The Brewers had won four in a row and were 4-1 on a 10-game road trip. Pittsburgh had lost two in a row after winning nine of 11, and had dropped three straight at home.

"It's always good to break out as a team," Lamont said. "A lot of times you go into slumps as a team one guy stops hitting and they all do so it's good to come out as a team."

Smith, batting third for only the second time this season, got the Pirates going with a two-out solo shot in the first, his first homer of the season. He is 10-for-24 since a season-opening 0-for-31 streak.

"I forget what hitting home runs was like, it had been so long," said Smith, who had nine homers in 193 at-bats last season.

Ramirez, also streaking since a career-opening 0-for-24 run, hit his second homer in three days in the second inning. It also was his eighth hit in 18 at-bats.

"When I came up (May 26), I was probably trying to pull the ball too much," said Ramirez, who at 19 is the majors' youngest everyday regular. "ou can't do that. You've got to hit the ball where it's pitched. If you don't do that, you've got no chance."
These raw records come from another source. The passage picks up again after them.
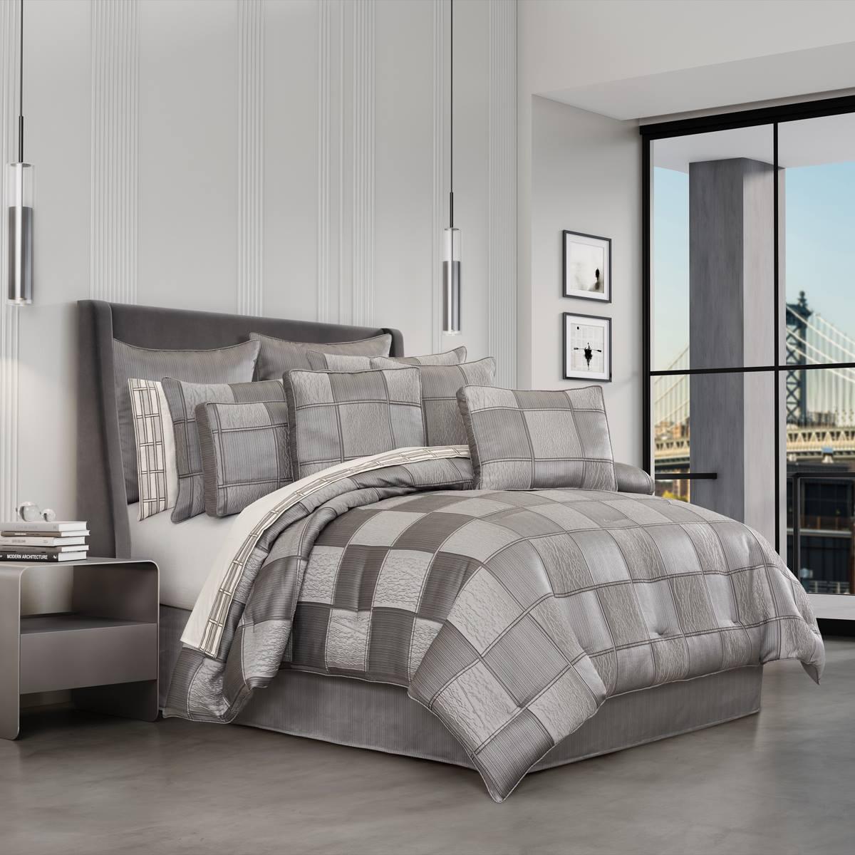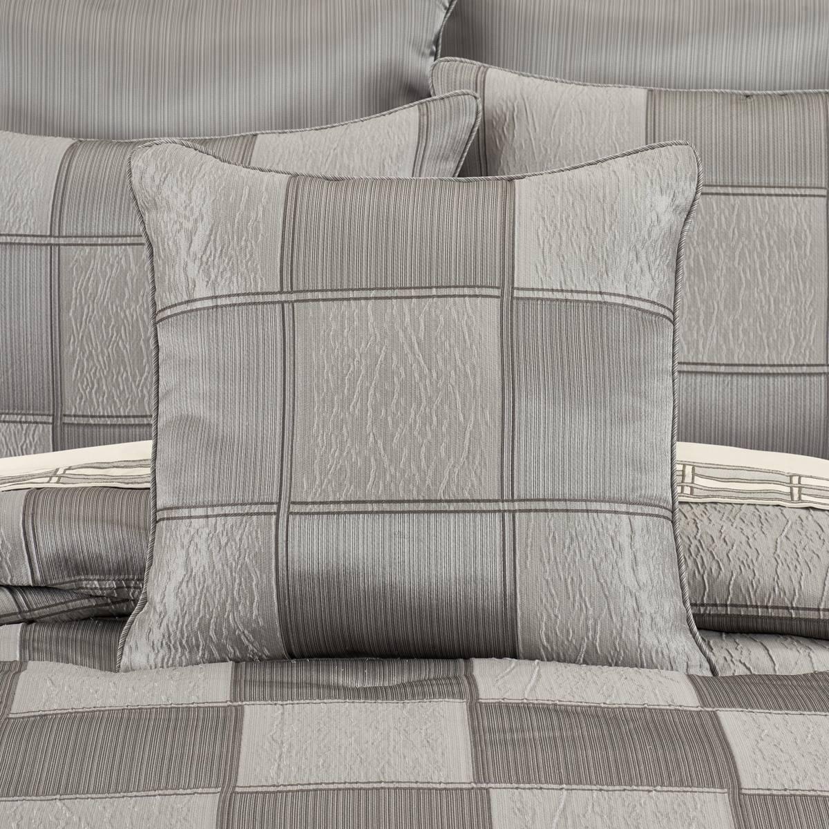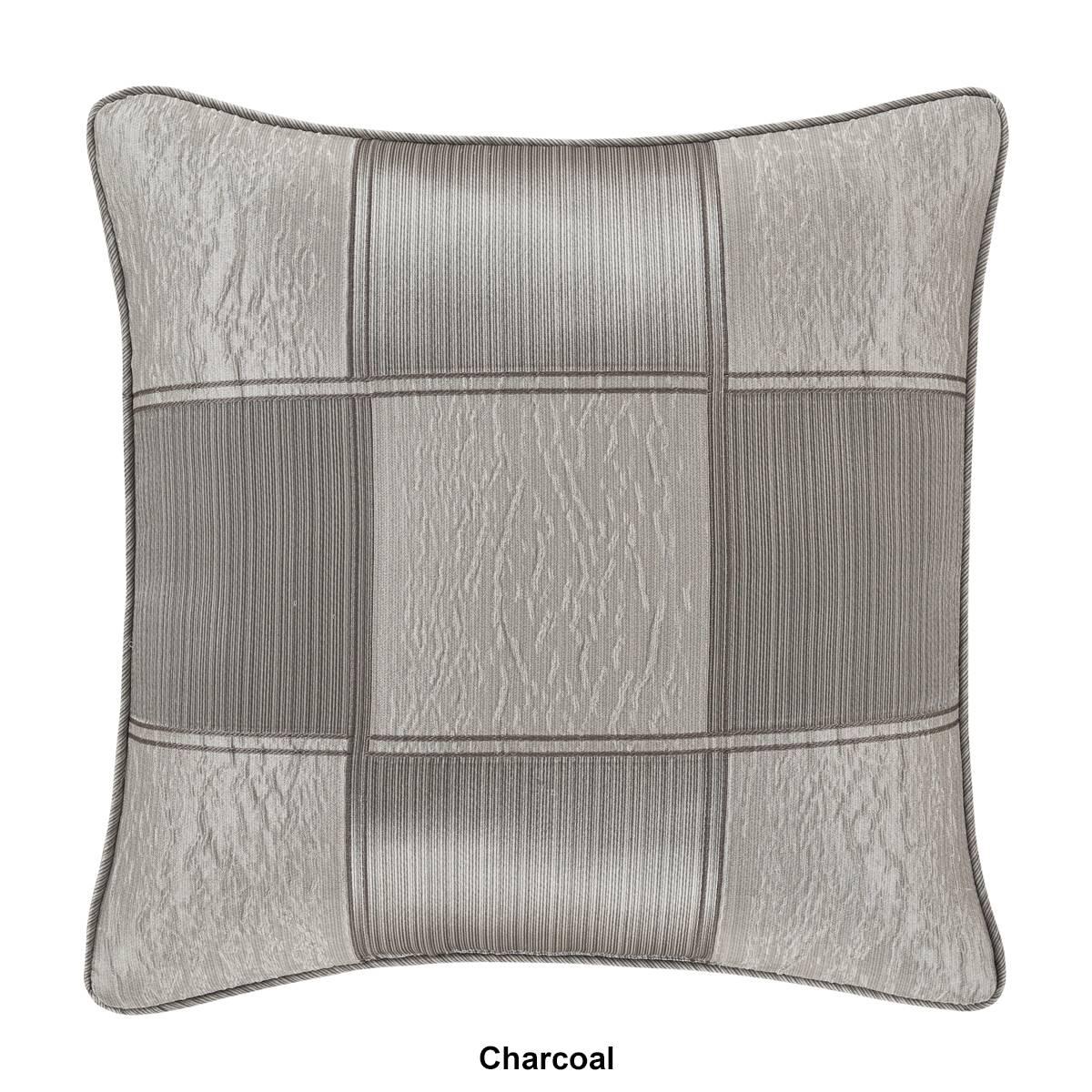 Bold, contemporary, and sophisticated. This J. Queen New York Brando square 20-inch decorative throw pillow displays a perfectly centered geometric block design in stunning metallic tones. It reverses to the stria warp satin and is finished with stria satin piping for a tailored finish. Pair this pillow with the J. Queen New York Brando bedding set for a fresh modern style. Pattern: Geometric Made from high-quality designer fabrics Limited Manufacturer's Warranty.
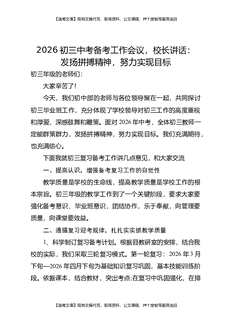 2026初三中考备考工作会议,校长讲话:发扬拼搏精神,努力实现目标.docx
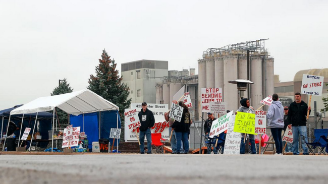 10月7日,美国密歇根州罢工的家乐氏公司员工(图自美媒)
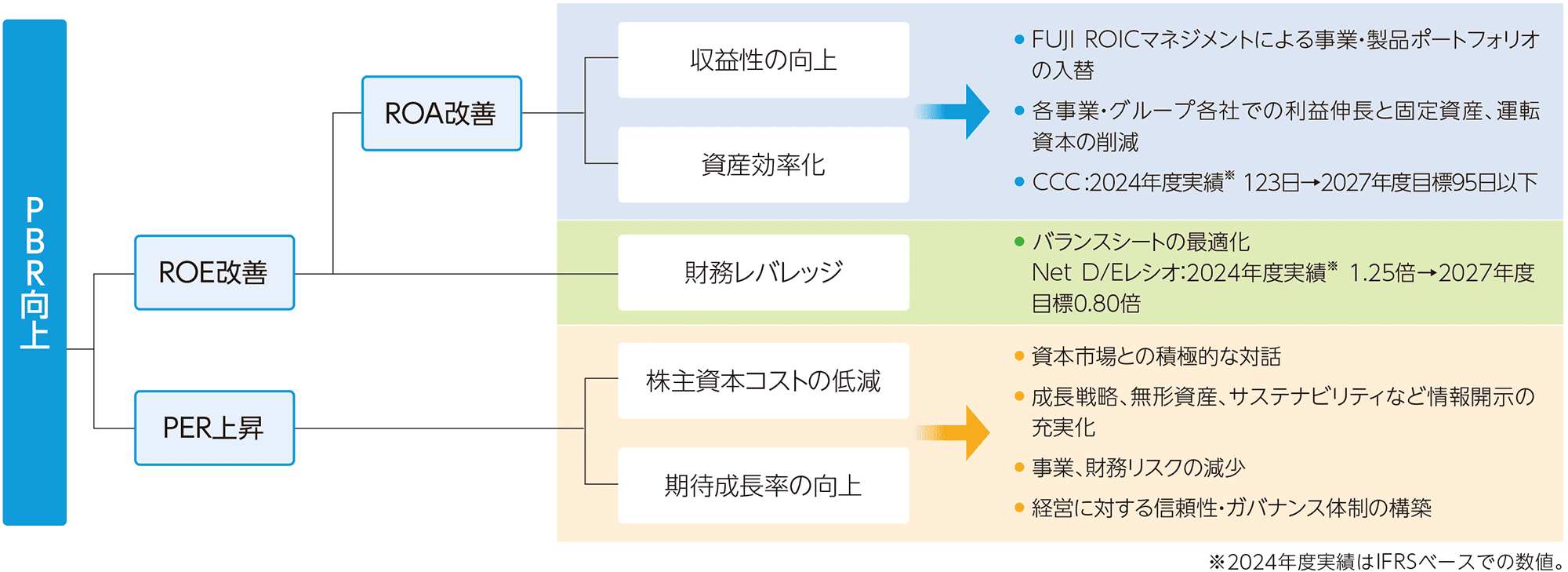 新中期経営計画では、資本効率の改善を最重要課題の一つとして位置づけ、次の3つの重点施策を推進していきます。(1)製品ポートフォリオの見直しと在庫回転率の向上により、運転資本の圧縮を図り、キャッシュ・フローの改善を目指します。(2)各事業本部およびグループ会社においてFUJI ROIC改善に向けた取り組みを強化し、資本効率の向上を図ります。これらの取り組みにより、2024年度末に123日(IFRSベース)であったCCCを、2027年度には95日以下まで短縮を目指します。(3)新体制始動に伴い2025年度に再編した投資管理レビュー制度により、資本コストを基準とした投資・撤退の判断を徹底し、課題の早期発見と解決を実現します。
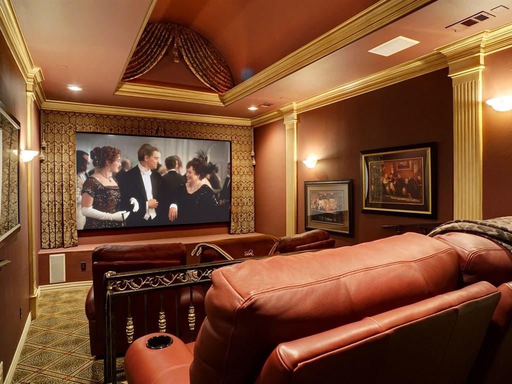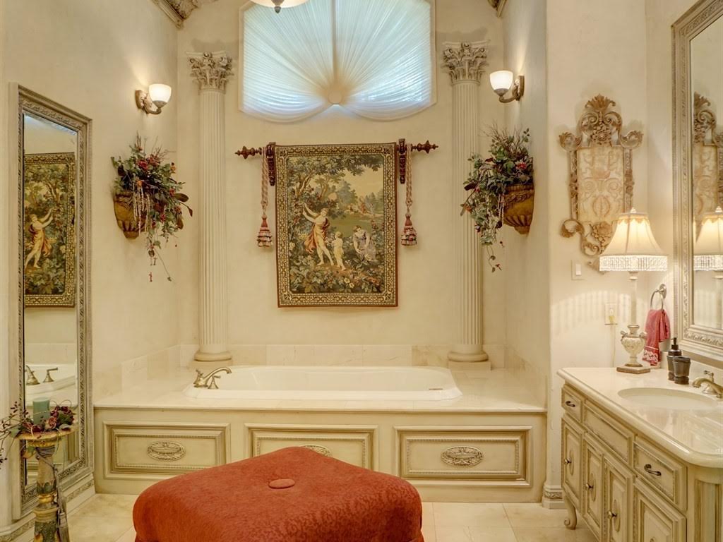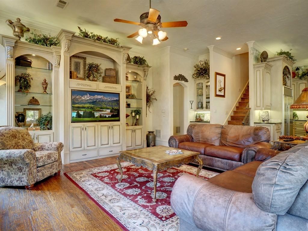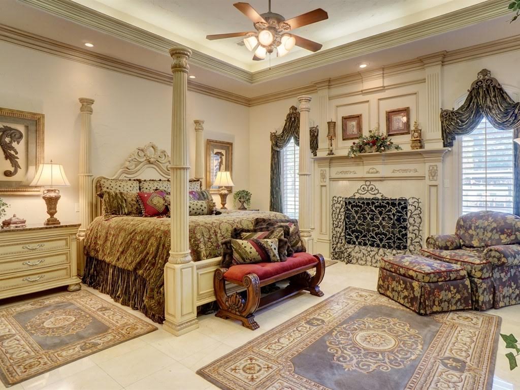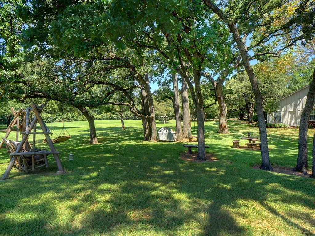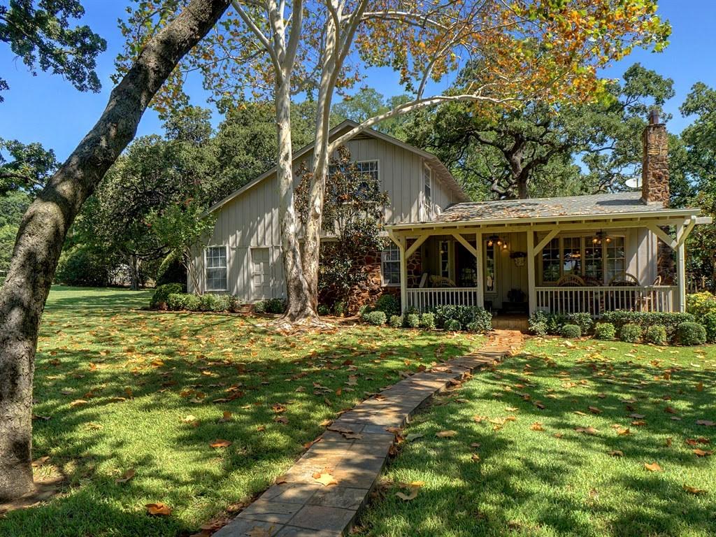 This luxury residence is situated in the middle of four-and-a-half meticulously maintained park-like acres in the heart of Colleyville, Texas. This 6,742 square foot house has four total living areas and a formal living room with a curved wall of windows. Two wells can be found on the property as well as a pond stocked with fish and a cascading fountain. Its sprawling backyard features a diving pool with a rain fountain and an attached spa, an outdoor shower, and a lighted Cabana with a fireplace, grilling station, DCS grill and a U Line fridge. The backyard area has extensive decking with multiple entertainment areas. This property also includes a full Guest Quarters that can be accessed by a quaint bridge and has three bedrooms, two bathrooms, living room, utility, and kitchen. The guest house is 1,701 square feet. The property in total is extremely secure with two gates, an invisible dog fence, and iron fencing throughout. It can accompany seven cars total with extensive parking options and has two car carport-workshop. Arrive in style to the ornate Portico via a long Circle Drive.
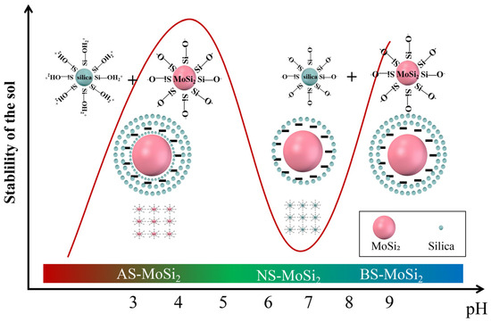 Firstly, the isoelectric point of MoSi2 is between pH 1–2, and the zeta potential of MoSi2 becomes more negative with increasing pH, indicating that MoSi2 is negatively charged in all three types of silica sol. MoSi2 has poor dispersibility and is prone to aggregation in acidic environments, while in alkaline environments, the dispersibility is better and the particles are easier to be encapsulated [27].
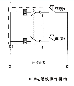 CDM電磁鐵操作機(jī)構(gòu)(配用MRMl-63,100,225)接線圖見下圖(虛框內(nèi)為斷路器外符號(hào)說(shuō)明:SBi、SB2操作按鈕(用戶自備)
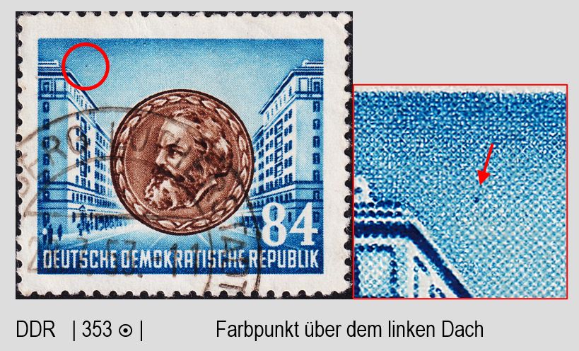 DDR 353 | gest. | Farbpunkt über dem linken Dach
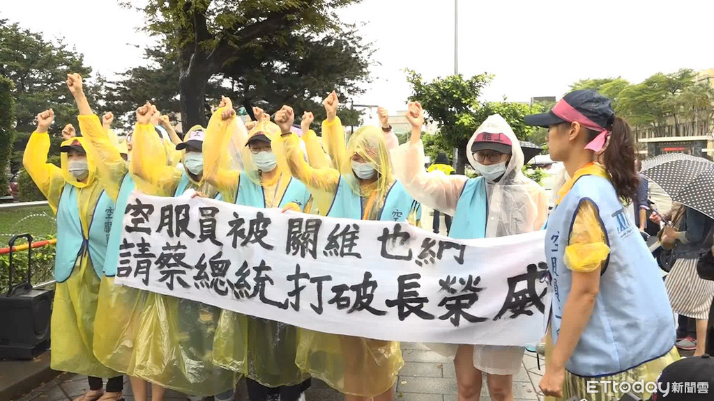 ▲長榮空服總統府前陳情。(圖/記者徐斌慎攝)
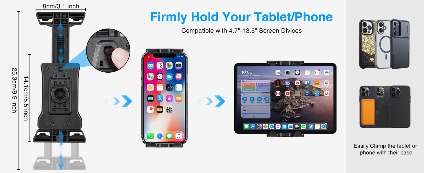 [Outstanding Compatibility]: This clamp is suitable for devices with screen sizes ranging from 4.7 to 13.5 inches, compatible with iPad Pro, iPad Air, iPad Mini, Surface Pro, Galaxy Tab, iPhone 15 series, iPhone 13 series, iPhone 14 series, iPhone 15 series as well as Galaxy S9, S8, S7 Edge and other tablets or cell phones that meet the specified size requirements.
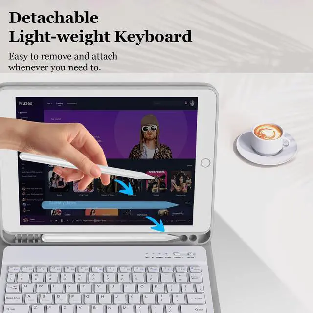 MMK for iPad Keyboard Case for 10.2" 9th/8th/7th Generation 2021/2020/2019, Detachable Wireless BT Keyboard with Magnetic Protective Cover with Pencil Holder for iPad Pro 10.5" 2019
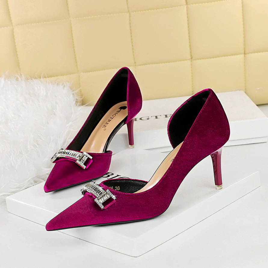 Đôi giày này mang phong cách châu Âu hiện đại với phần mũi nhọn và gót thanh mảnh, tôn dáng người đi. Chất liệu bề mặt được làm từ loại vải mịn có độ dày vừa phải, ôm chân nhẹ nhàng. Thiết kế cổ thấp kết hợp khoét hờ hai bên tạo điểm nhấn tinh tế, cùng khóa kết bằng pha lê lấp lánh. Sản phẩm dễ dàng phối cùng nhiều trang phục như quần âu hay váy liền để đi làm, dự tiệc hoặc hẹn hò. | Tên sản phẩm: Giày Cao Gót Nữ Gắn Đá Mũi Nhọn Gót Nhọn Dày Ấm Phong Cách Âu Mỹ - Giày Dép Nữ | Mã sản phẩm: C0827 - Giá: 700.000đ | Mã nhà sản xuất: PITYIN-G02Hình ảnh sản phẩm
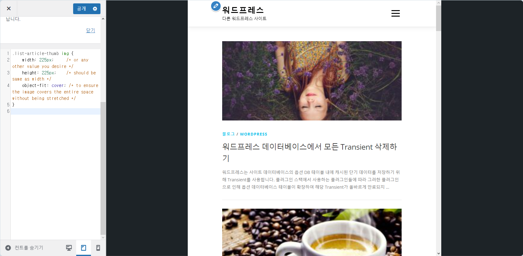 상기 코드를 모양 (외모) » 사용자 정의하기 » 추가 CSS에 추가합니다.
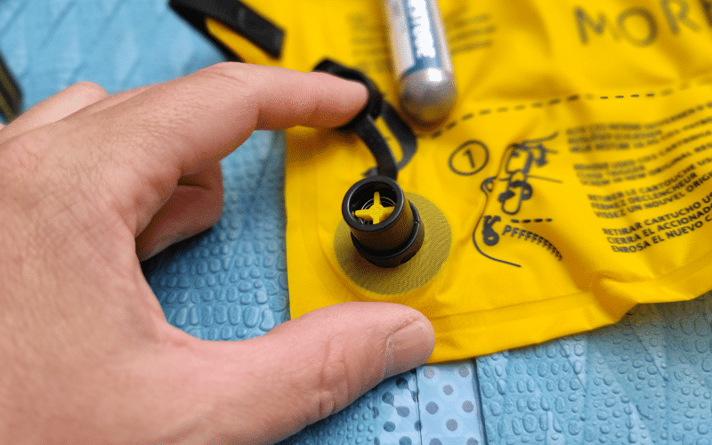 3. Inflate the Swim Buoy: To inflate the Restube Beach, pull firmly on the trigger mechanism in case of an emergency or simply need the swim buoy support during your water activities. This will cause it to inflate automatically in just a few seconds, thanks to the CO² cartridge.
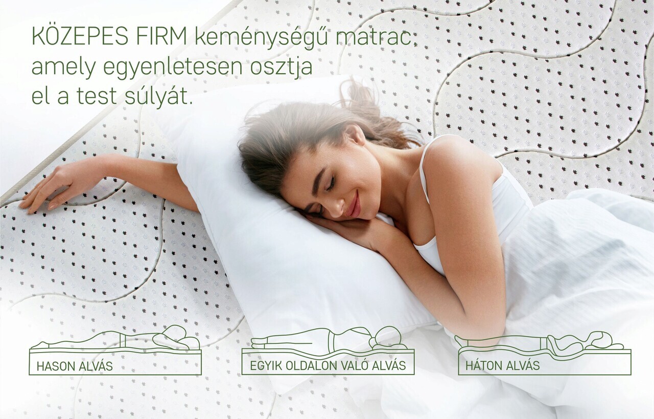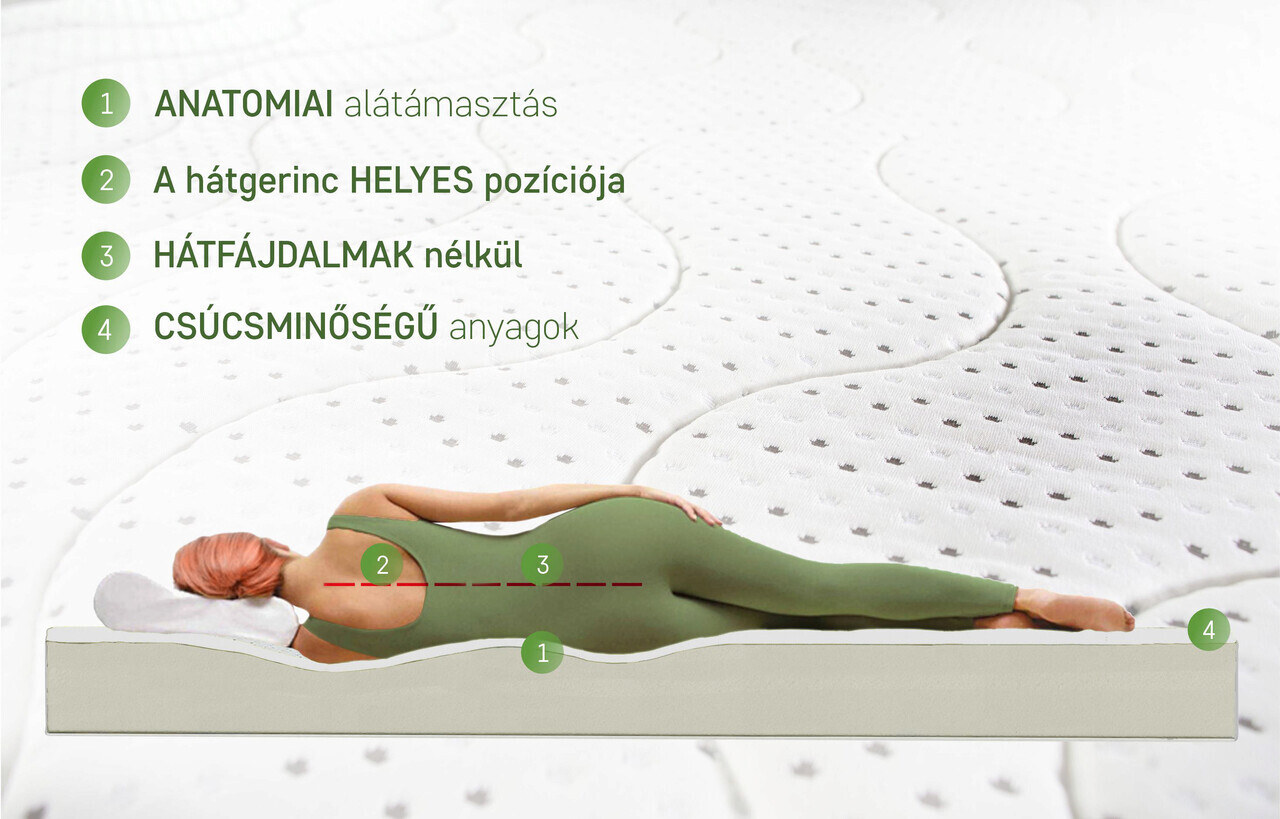 A matrachoz rögzített felső rész a kényelmi réteg. Nyílt cellás Green Form HD® rugalmas habból és a Green Therm Memory® habból áll, amely a testhez formálódik, és alvás közben megszünteti a nyomáspontokat az izmok ellazításához és az egészséges vérkeringés biztosításához.
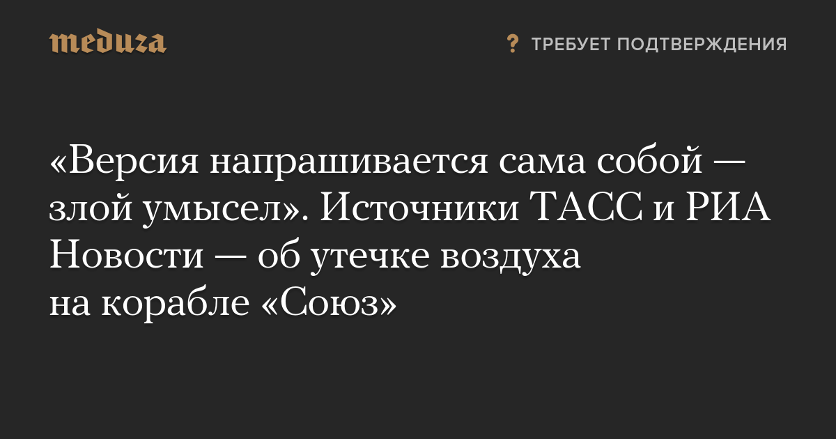 «Версия напрашивается сама собой — злой умысел». Источники ТАСС и РИА Новости — об утечке воздуха на корабле «Союз»

Tony Womack had a run-scoring groundout later in the inning, and Young started the third with his 14th homer.

Pittsburgh added three runs in the seventh against former Pirates pitcher Paul Wagner on Jermaine Allensworth's two-run double and Keith Osik's suicide squeeze bunt.

"It was not a good day for us," Brewers manager Phil Garner said. "Even with that we were still in the ballgame until Wags came in. He had a tough day. He put some pitches in the middle of the plate."

Notes: Peters' longest previous start this season was five innings. His longest in the majors was seven innings against Los Angeles last season. ... Al Martin was 0-for-20 before getting two singles. ... Jaha's homer was the Brewers' ninth in four games. He had been 1-for-12 since coming off the disabled list. ... The Pirates hadn't beaten a Milwaukee team in Pittsburgh since a 5-4 victory on Aug. 22, 1965, the Braves' last appearance in Forbes Field before relocating to Atlanta. ... Five of the seven Pirates who batted against Wagner reached base. ... The Pirates outhit the Brewers 13-5.